Justice Clarence Thomas bizarrely reasoned that “human dignity cannot be taken away by the government” – even by, say, chattel bondage. “Slaves,” he held, “did not lose their dignity (any more than they lost their humanity) because the government allowed them to be enslaved . . . . The government cannot bestow dignity, and it cannot take it away.” This from a justice so faith-deranged he isn’t sure the First Amendment should do what it is supposed to do – prevent the government from establishing an official religion. Thomas also made a statement that will, one day, likely be brought up in court by those refusing to marry gays: the Obergefell v. Hodges ruling “threatens the religious liberty our Nation has long sought to protect.”
Finally, Justice Samuel Alito announced that, “Today’s decision shows that decades of attempts to restrain this Court’s abuse of its authority have failed.”
Perhaps Alito got this idea from Republican presidential candidate (and onetime Baptist pastor) Mike Huckabee, who had, before the ruling, told Americans they could just ignore the Court, if it came down on the side of gay marriage. Afterward, Huckabee urged us not to “acquiesce immediately without review, without the other branches of government” or risk countenancing “judicial tyranny.” The justices are, after all, just “five lawyers.” And who needs judges and lawyers in a law-based republic?
The governor of Louisiana, Bobby Jindal, also spoke in this vein.

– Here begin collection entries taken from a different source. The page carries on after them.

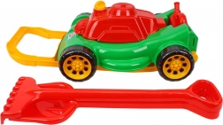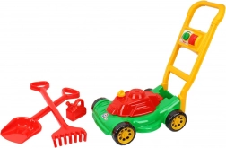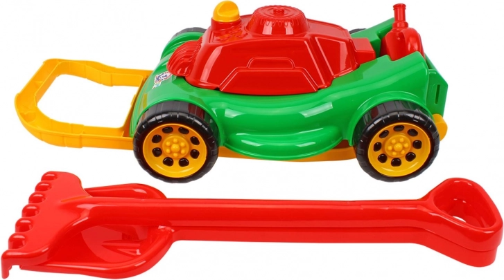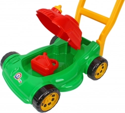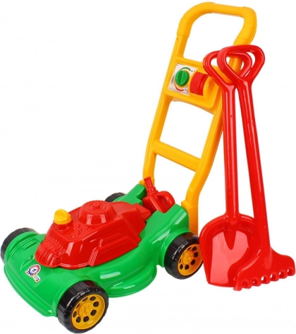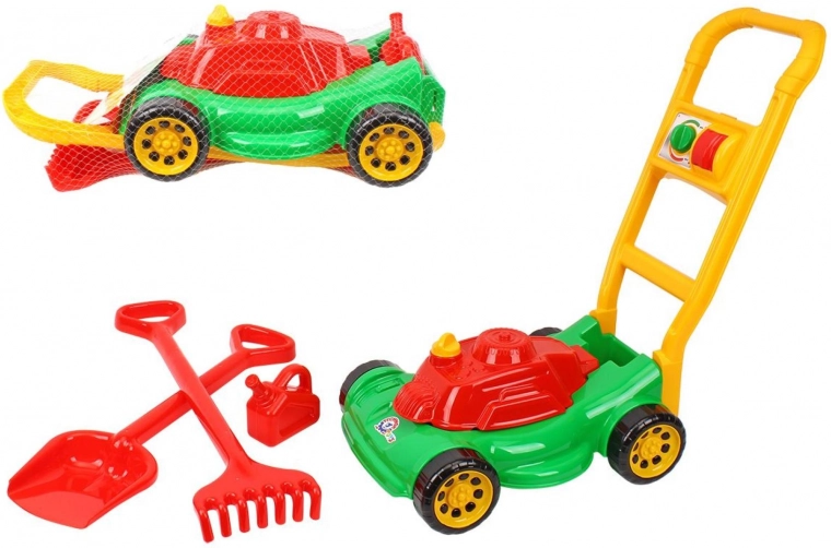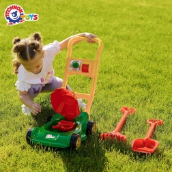 Tato barevná plastová sekačka s doplňky je skvělá hračka pro první zahradnické pokusy. Děti mohou tlačit sekačku, točit ovládacími prvky a napodobovat práci dospělých, což rozvíjí jejich motoriku i představivost. Lehká konstrukce a oblé hrany zajišťují bezpečné hraní pro nejmenší.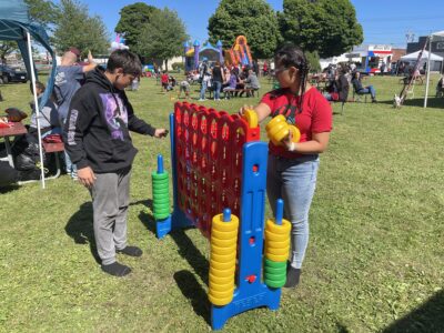 OBSERVER Photo by Jo WardJeovanni Echevarria and Yenesis Lopez play a round of Connect Four on a large yard board Saturday at the Juneteenth Celebrations in Memorial Park in the city of Dunkirk Saturday.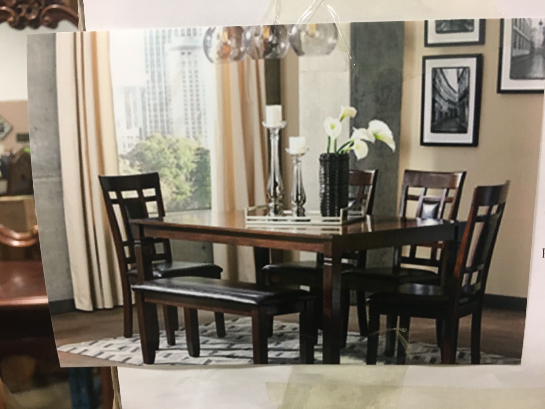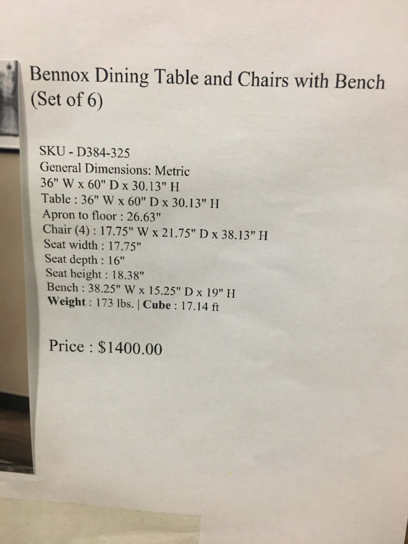 SIGNATURE DESIGN BY ASHLEY 6 PC.DINING TABLE, CHAIRS & BENCH SET (BOXED)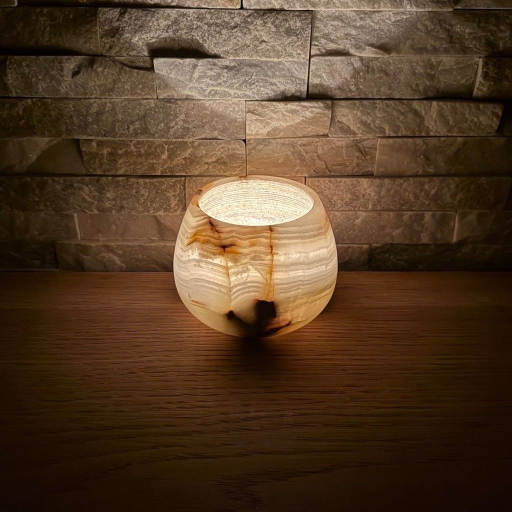 Tento svícen z pákistánského onyxu, i přes drobné nedokonalosti, přináší do vašeho domova kouzlo přírodní krásy a hřejivé světlo. Jeho malé vady nijak neovlivňují jeho schopnost vytvořit útulnou atmosféru a každý kousek je jedinečný. Přidejte do svého interiéru kousek, který vás ochrání před negativními energiemi a zároveň naplní prostor pozitivní a klidnou energií.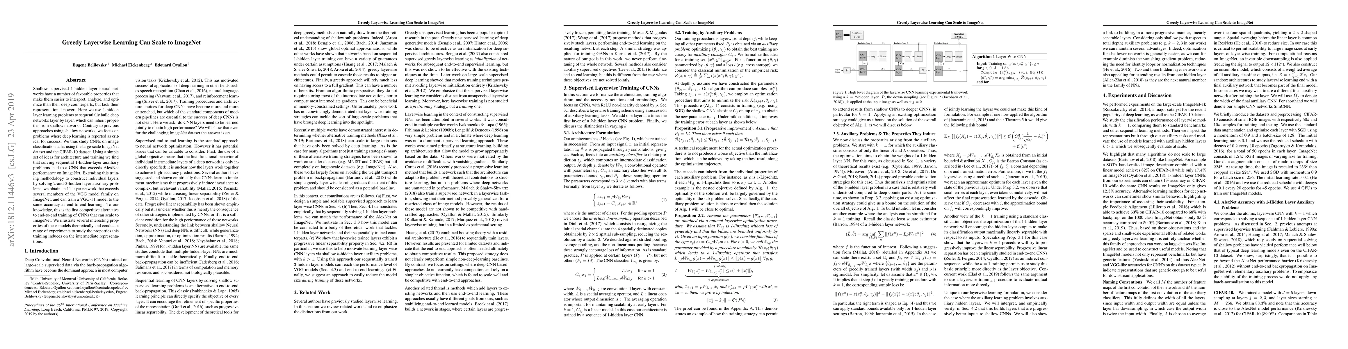 Shallow supervised 1-hidden layer neural networks have a number of favorable properties that make them easier to interpret, analyze, and optimize than their deep counterparts, but lack their representational power. Here we use 1-hidden layer learning problems to sequentially build deep networks layer by layer, which can inherit properties from shallow networks. Contrary to previous approaches using shallow networks, we focus on problems where deep learning is reported as critical for success. We thus study CNNs on image classification tasks using the large-scale ImageNet dataset and the CIFAR-10 dataset. Using a simple set of ideas for architecture and training we find that solving sequential 1-hidden-layer auxiliary problems lead to a CNN that exceeds AlexNet performance on ImageNet. Extending this training methodology to construct individual layers by solving 2-and-3-hidden layer auxiliary problems, we obtain an 11-layer network that exceeds several members of the VGG model family on ImageNet, and can train a VGG-11 model to the same accuracy as end-to-end learning. To our knowledge, this is the first competitive alternative to end-to-end training of CNNs that can scale to ImageNet. We illustrate several interesting properties of these models theoretically and conduct a range of experiments to study the properties this training induces on the intermediate layers.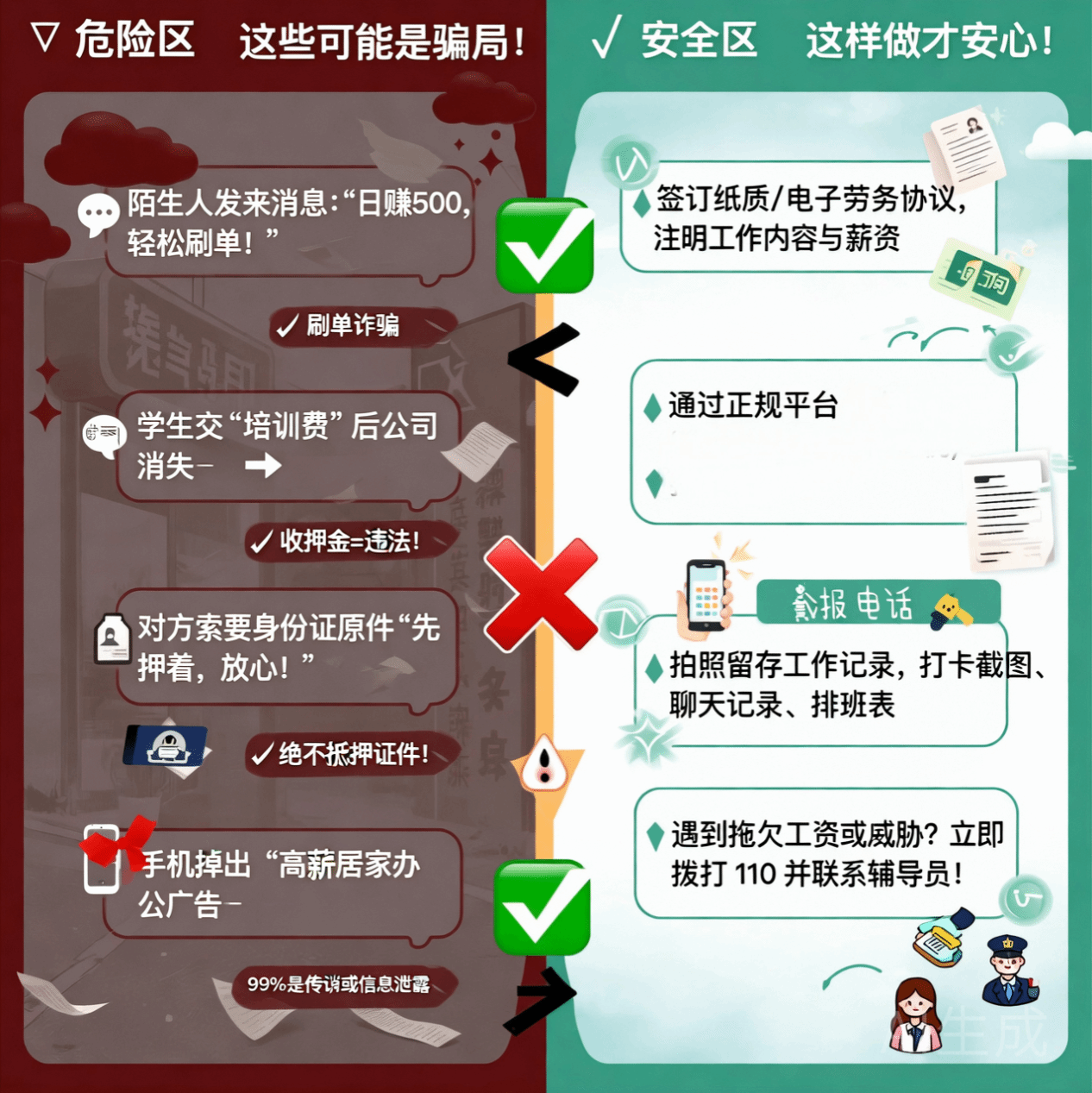 2.警惕“高薪诱惑”“刷单返利”等网络诈骗陷阱。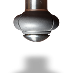The disc rotates friction free on hydraulic bearing instantly creating washing liquid droplet spheres with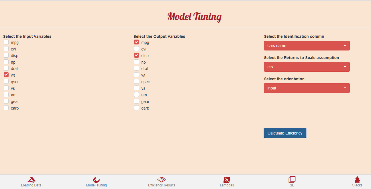 Within the Model Tuning tab, you will select the input and output variables, then you determine your identification column. Then you choose the Returns to Scale assumption between: crs, vrs, irs, drs, add and fdh. After that, you determine the orientation of the model, whether input or output. Finally, hit Calculate Efficiency to get the results.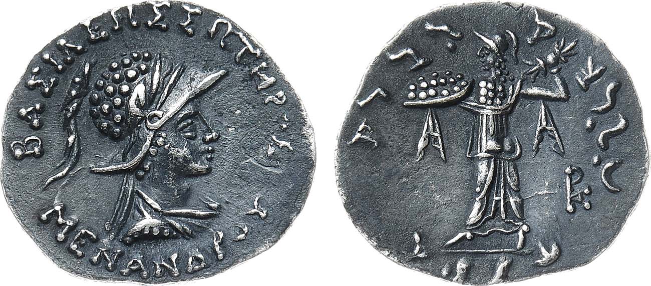 Серебро. 2,42г. Аверс: бюст в диадеме и драпировке, повёрнут вправо, в шлеме с гребнем, украшенном бычьим рогом и ухом; легенда "BAΣIΛEΩΣ ΣΩTHPOΣ MENANΔPOY". Реверс: Афина Алкидем метает молнию и держит щит; монограмма справа. XF/AU.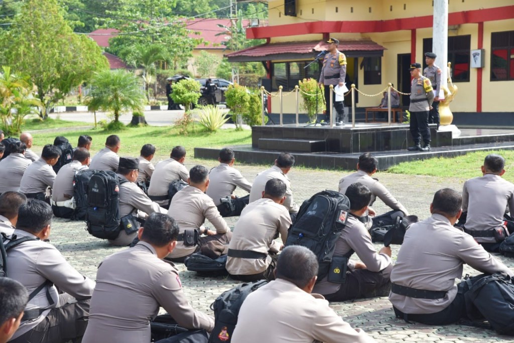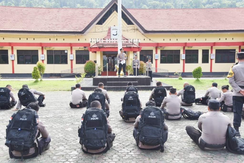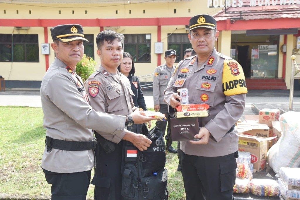 Usai memberikan arahannya, Kapolres mengecek kesiapan Perlengkapan Perorangan Lapangan (Kaporlap) yang telah dibagikan sebelumnya selain itu Kapolres juga memberikan bekal logistik berupa makanan ringan, susu, vitamin, serta Makanan Tambahan Polri (MTP).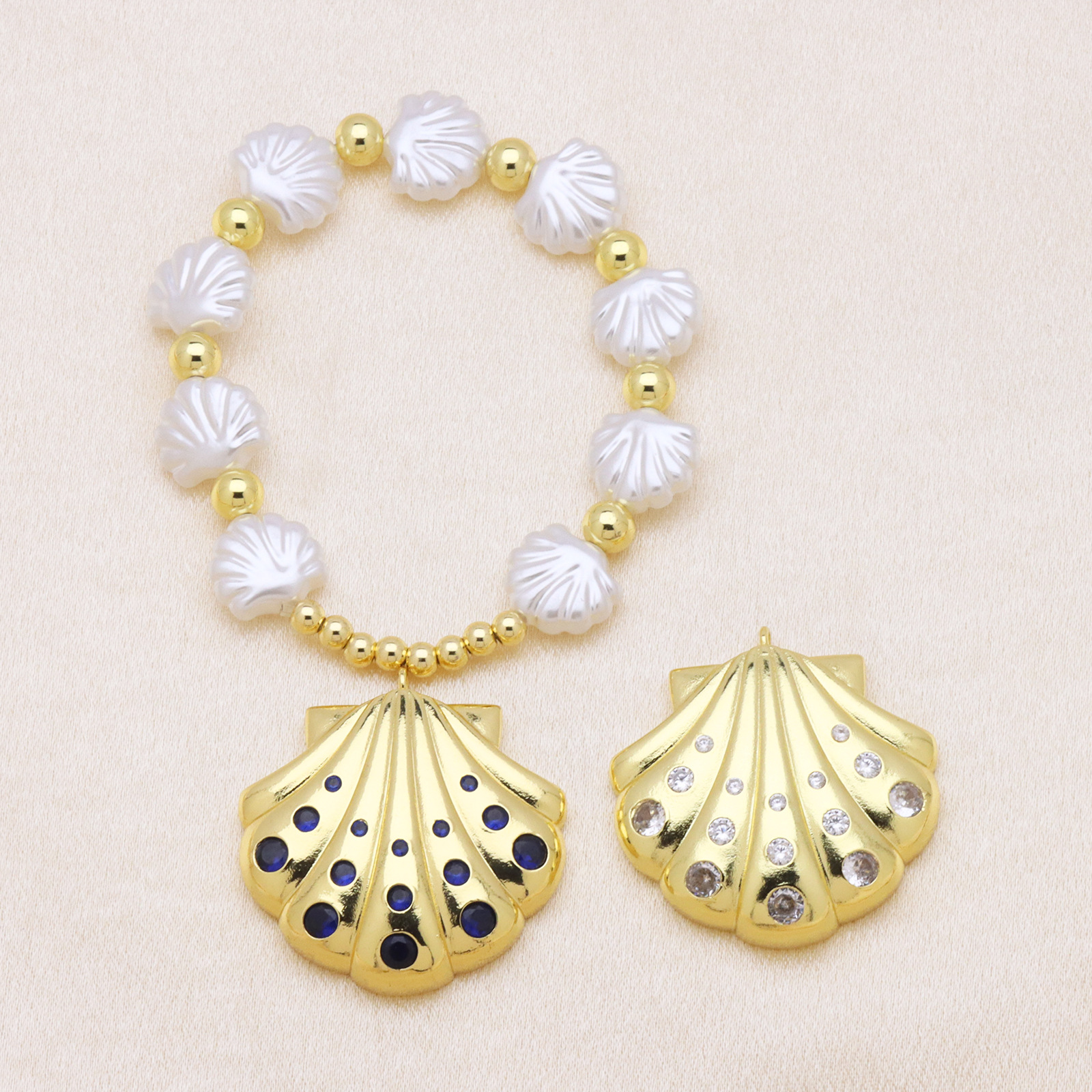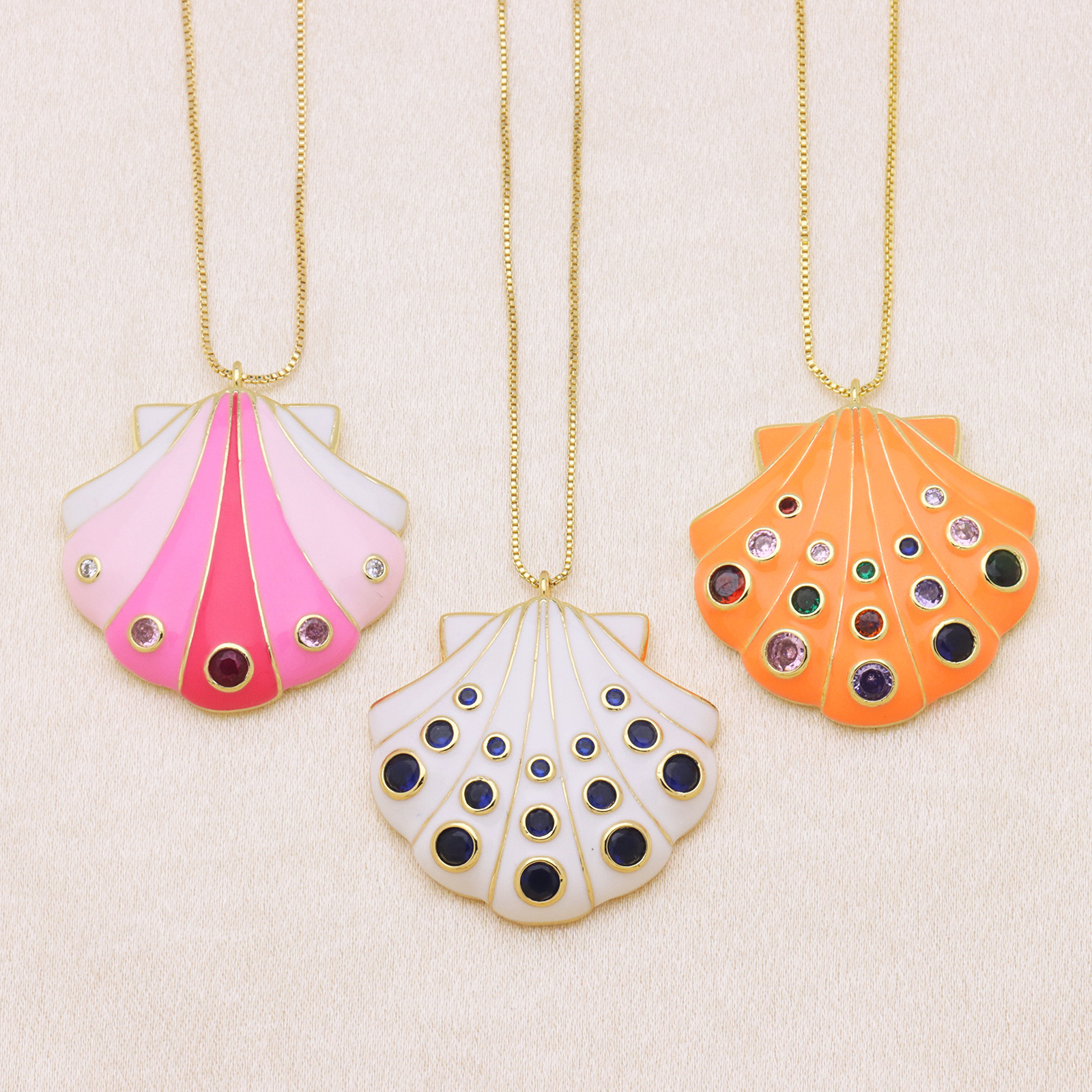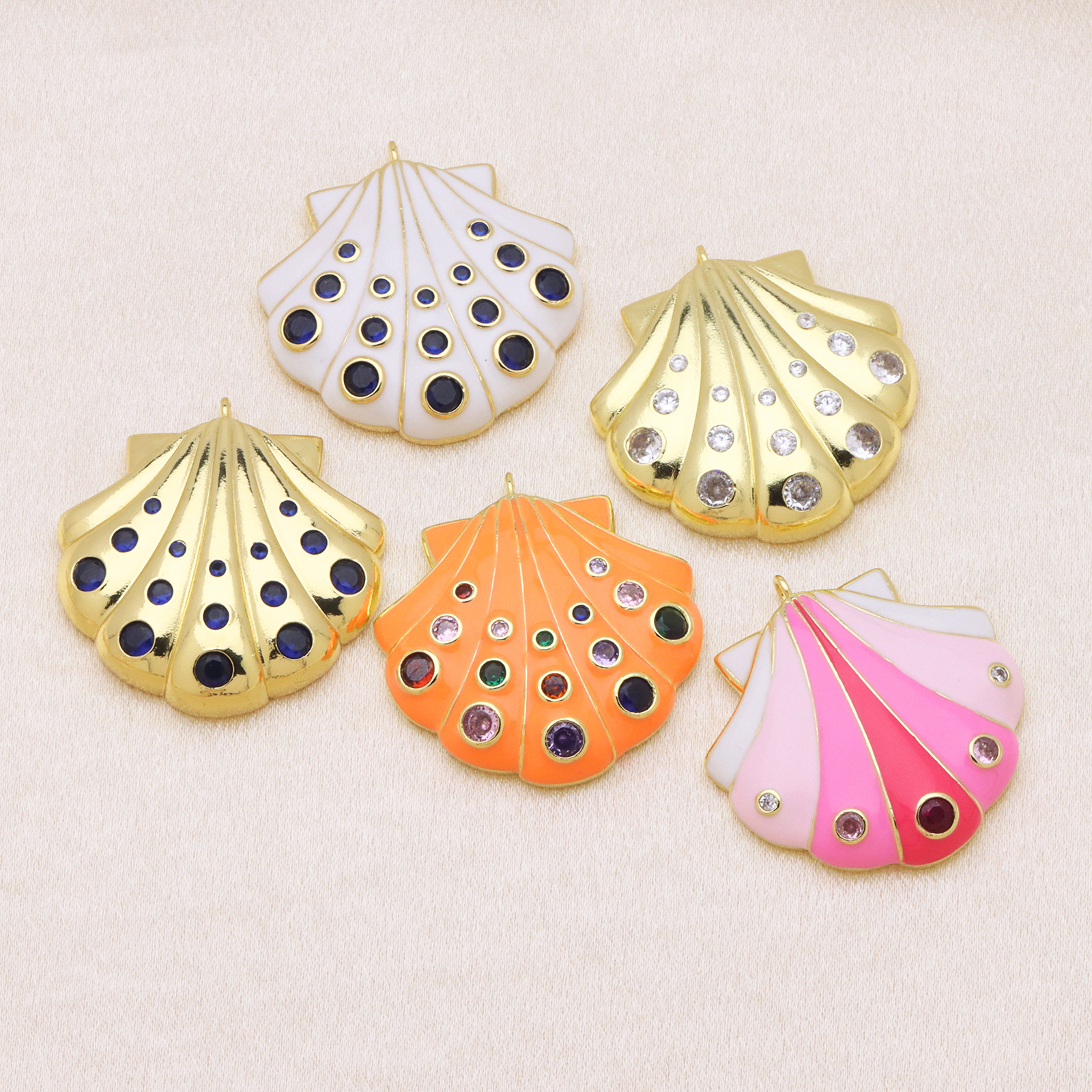 Cubic Zirconia Micro Pave Brass Pendant, Shell, gold color plated, DIY & different styles for choice & micro pave cubic zirconia & enamel, more colors for choice, 35x37mm, Sold By PC
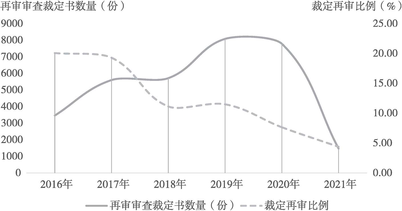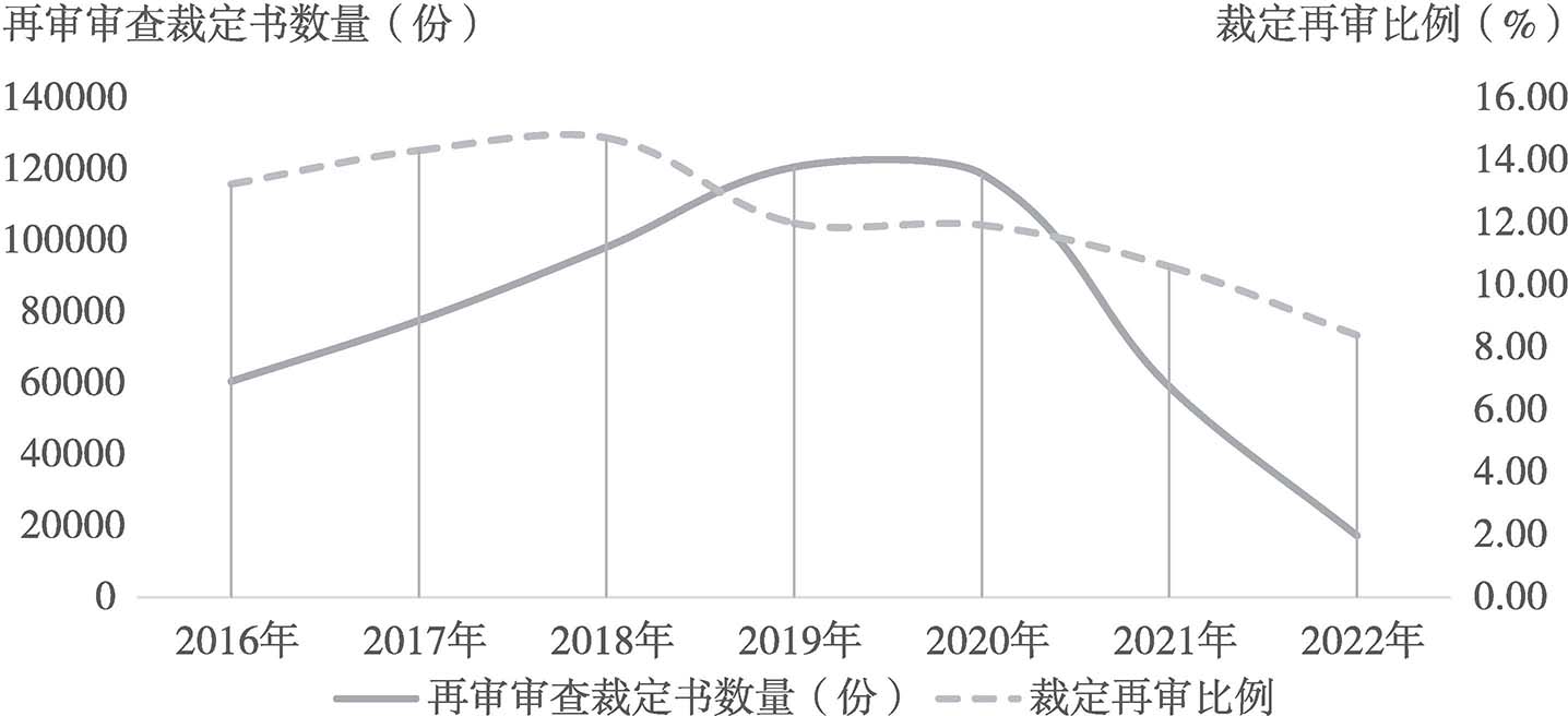 2016年至2022年,最高人民法院民事再审裁定的基本情况如表1-2及图1-1所示。

Declaring that “Marriage between a man and a woman was established by God, and no earthly court can alter that,” he warned that, “The Supreme Court is completely out of control” and suggested we “just get rid of the court.” (For the record, God also “established” the stoning of rape victims and those who pick up sticks on Saturdays, as well as the murder of those who eat shellfish.)
There you have it: Both Jindal, a sitting governor, and Huckabee are advocating lawlessness and disavowal of the Constitution, and in particular, its Article III, which proclaims that the “judicial power of the United States, shall be vested in one Supreme Court, and in such inferior courts as the Congress may from time to time ordain and establish.”
No overview of the religious right’s tantrum over Obergefell v. Hodges can fail to note ex-pastor Rick Scarborough’s announcement (and subsequent retraction of said announcement) that he would set himself ablaze if the Court ruled in favor of gays. Also worthy of mention: a retired Methodist minister, Charles Moore, 79, did set himself on fire (and lethally so, unfortunately), but in protest against anti-gay discrimination and the United States’ lack of repentance for its slaveholding past.
Conservative commentators naturally could not keep quiet about Obergefell v. Hodges. For some of their grosser gurgitations, take your pick among these (frequently uproarious) exemplars of religion-inspired dementia published by Glenn-Beck cohort Matt Barber.
Moving away from the fringe, Russell Moore, the president of the Ethics and Religious Liberty Commission of the Southern Baptist Convention, took to the Washington Post to publish what amounts to a strategy paper for religious institutions in our new reality. Yet, being himself faith-addled, he cannot help, if only inadvertently, penning a sad sort of satire.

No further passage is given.